Zira eş seçiminde günübirlik ve kısa süreli bir beraberlik, ileriye dönük bir beraberlik, yani evlilik için maalesef gerçekçi olmamaktadır. Tarafların karşısındakine nazik davranışları, kur yapmaları ve benzeri aldatıcı tavırları, daha evliliğin ilk günlerinden itibaren yerini gerçek tavırlara bırakmaktadır.

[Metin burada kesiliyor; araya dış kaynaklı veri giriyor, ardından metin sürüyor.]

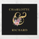 Noms de couples mariages simples mais élégants, avec une amande dorée et un arrangement floral rose.

Yani artık köprü geçilmiştir ve kişi gerçek kimliğine bürünecektir. Bunun çok sayıdaki örneğini günümüzde, özellikle de medyada sık sık görünen kamuoyunun yakından tanıdığı insanlarda görmekteyiz.
Halbuki görücü usulü ile yapılan evlilikler daha sağlam temeller üzerine kurulmaktadır. İstisnai olarak yozlaştırılmış halini; yani tarafların hiç birbirini tanımadan evlenmelerini dikkate almazsak, anne baba ve akrabaların referansı ve araştırması ile kurulan evlilik, sağlam temel üzerine kurulan bina gibi olmaktadır. Burada yapmacık bir ön ilişki olmadığından, insanlar birbirlerini, ailelerini hatta soylarını tanıdıklarından, ileriye dönük daha sağlam bir yuva oluşturulmaktadır.